The bias-variance tradeoff is the central balancing act in supervised learning. The “Machine Learning Basics” chapter of Goodfellow, Bengio, and Courville’s “Deep Learning” treats it as a core concept, tying it to model capacity, overfitting, and underfitting. The framing was made influential by Stuart Geman, Elie Bienenstock, and Rene Doursat in their 1992 paper “Neural Networks and the Bias/Variance Dilemma.”
The idea decomposes a model’s expected error into two competing sources. Bias is error from wrong assumptions - a model too simple to capture the real pattern, which underfits and is wrong in a consistent way no matter how much data it sees. Variance is error from oversensitivity - a model so flexible that it fits the random noise in its particular training sample, so its predictions swing wildly if the training data changes. Simple models tend to have high bias and low variance; complex models the reverse. The lowest total error usually sits at an intermediate level of complexity.

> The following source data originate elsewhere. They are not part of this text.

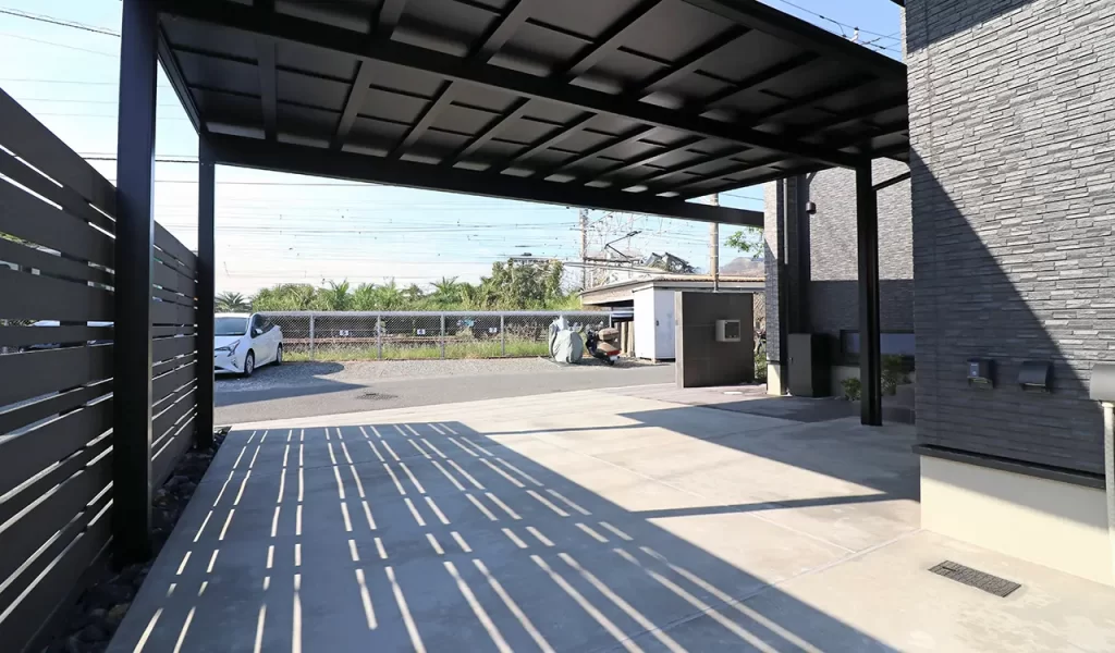 カーポートにはブラック仕様を採用し、住宅全体のトーンと統一。梁延長タイプとすることでアプローチ動線を妨げず、視線の抜けを確保しました。圧迫感を抑えながら、機能性とデザイン性を両立させています。
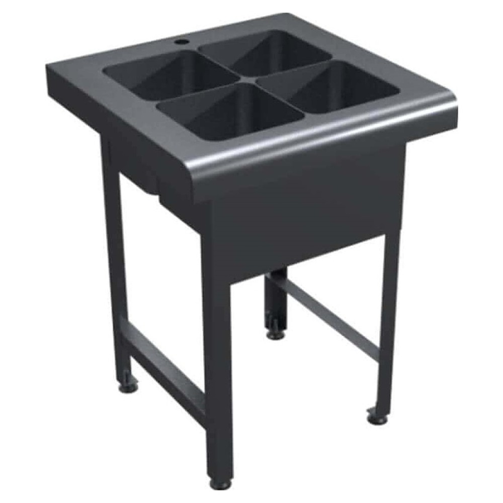 Напольная моечная ванна Oceanus 7-005.1 предназначена для мытья различного инвентаря на предприятиях общественного питания и торговли. Модель оснащена 4 раковинами прямоугольного сечения, невысоким фартуком с радиальным гибом с фронтальной стороны, отверстием под смеситель и 4 опорами. Изделие выполнено из высококачественной нержавеющей стали марки AISI 304 серебристого оттенка с матовой поверхностью.
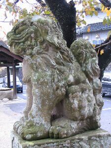 | 参道石段下に居る出雲構え獅子。明治10年9月建立。 細部が壊れかけています。 |
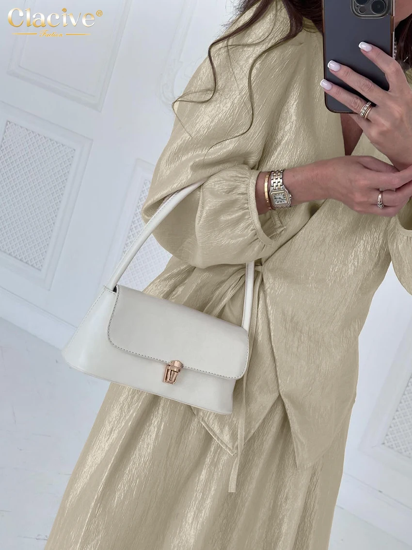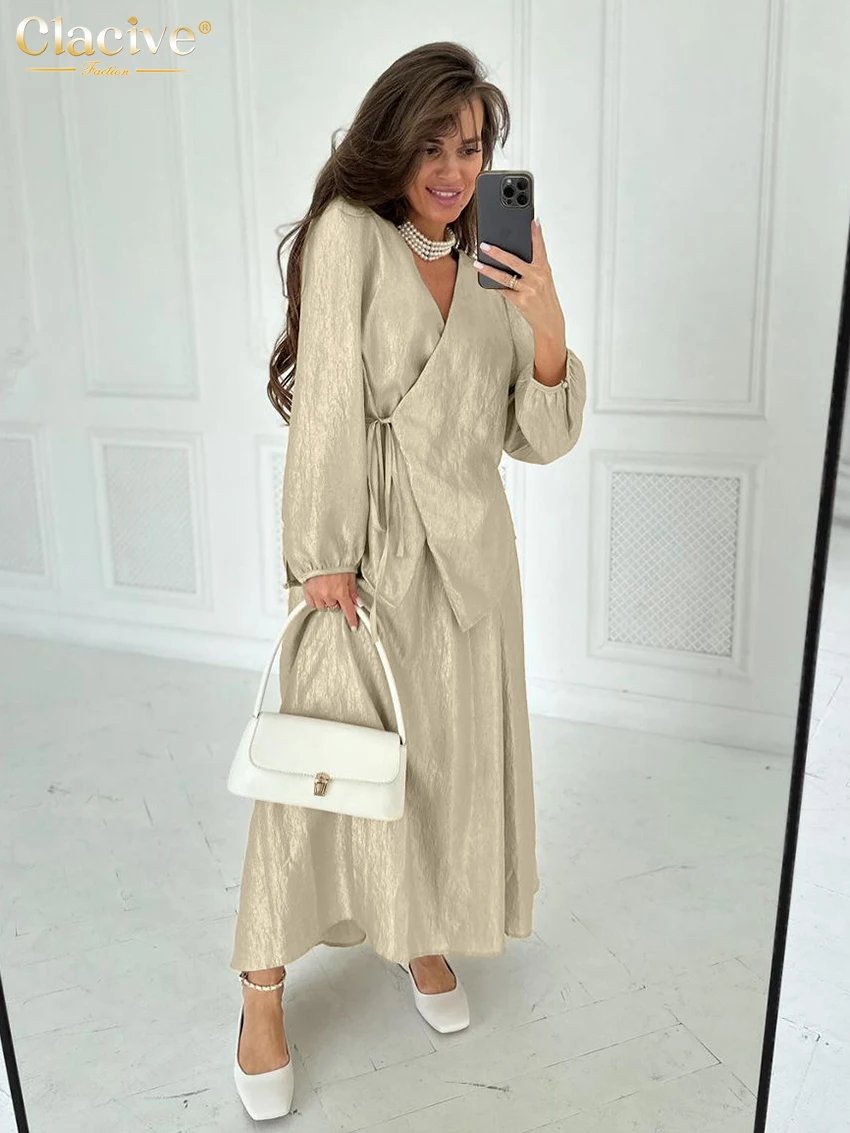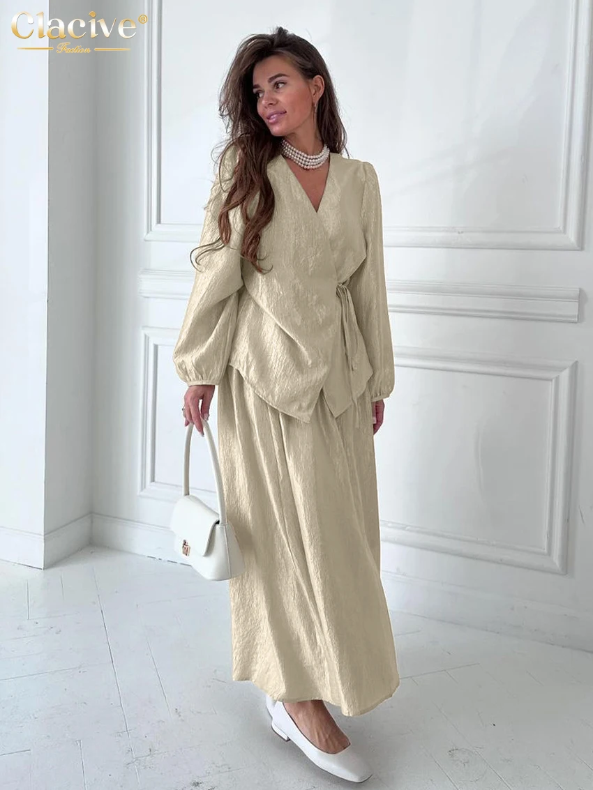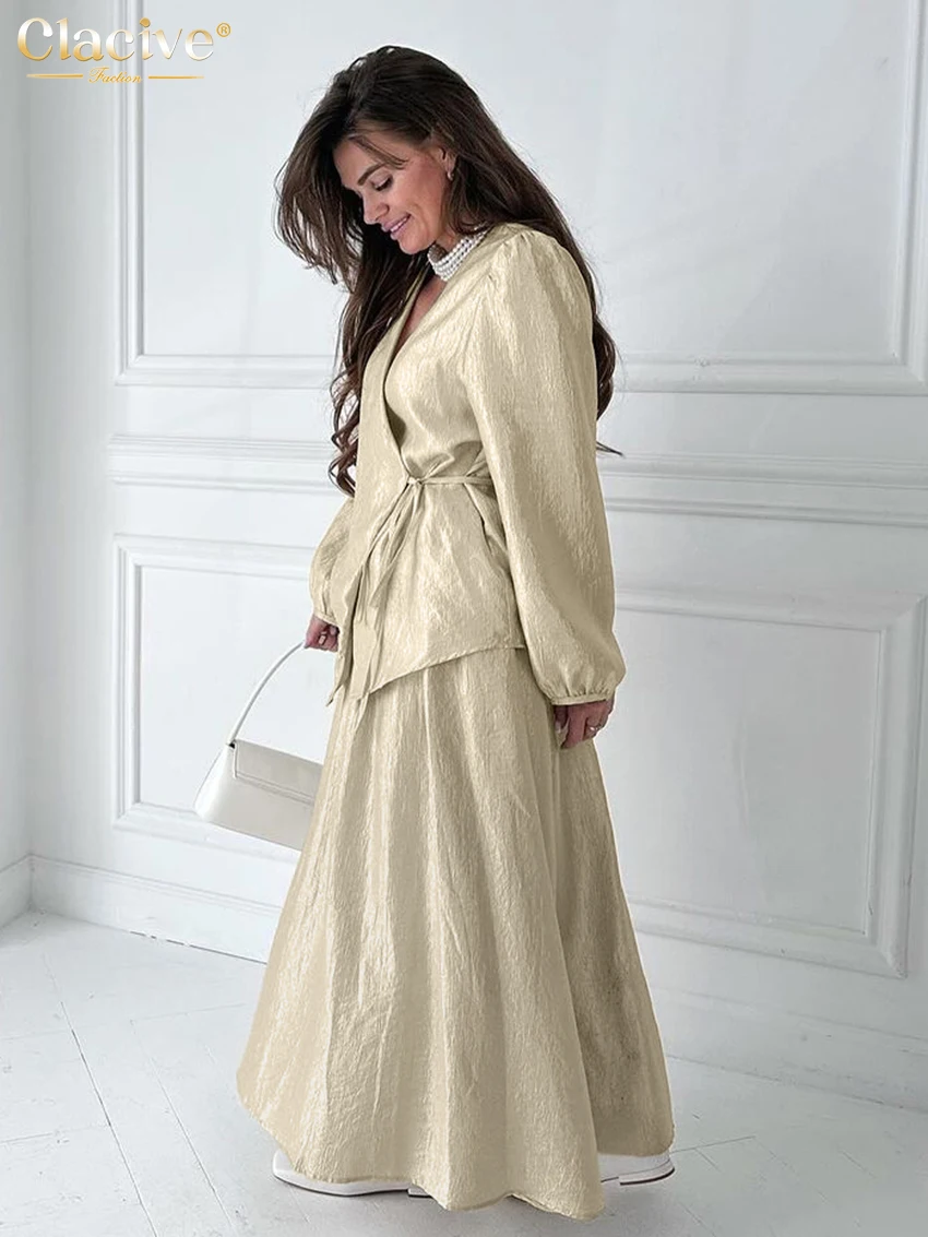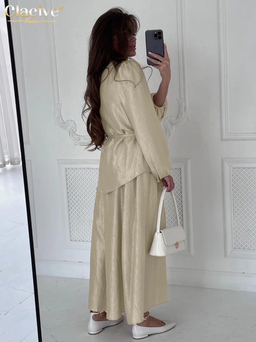 Clacive Fashion Loose Khaki Skirts Sets For Women 2 Pieces 2025 Elegant Long Sleeve Robes With High Waist Long Skirt Set Female

This framework explains why more complex is not always better and motivates the tools used to manage complexity: regularization, cross-validation, and ensemble methods. It is worth noting that the deep-learning era complicated the classic picture - very large networks can have low error despite enormous capacity, a phenomenon studied under “double descent” - but the tradeoff remains the right starting intuition.
Why business readers should care: the bias-variance tradeoff is the reason model building is not just “use the most powerful model available.” Getting the complexity right for the data on hand is the difference between a model that generalizes and one that fails in production.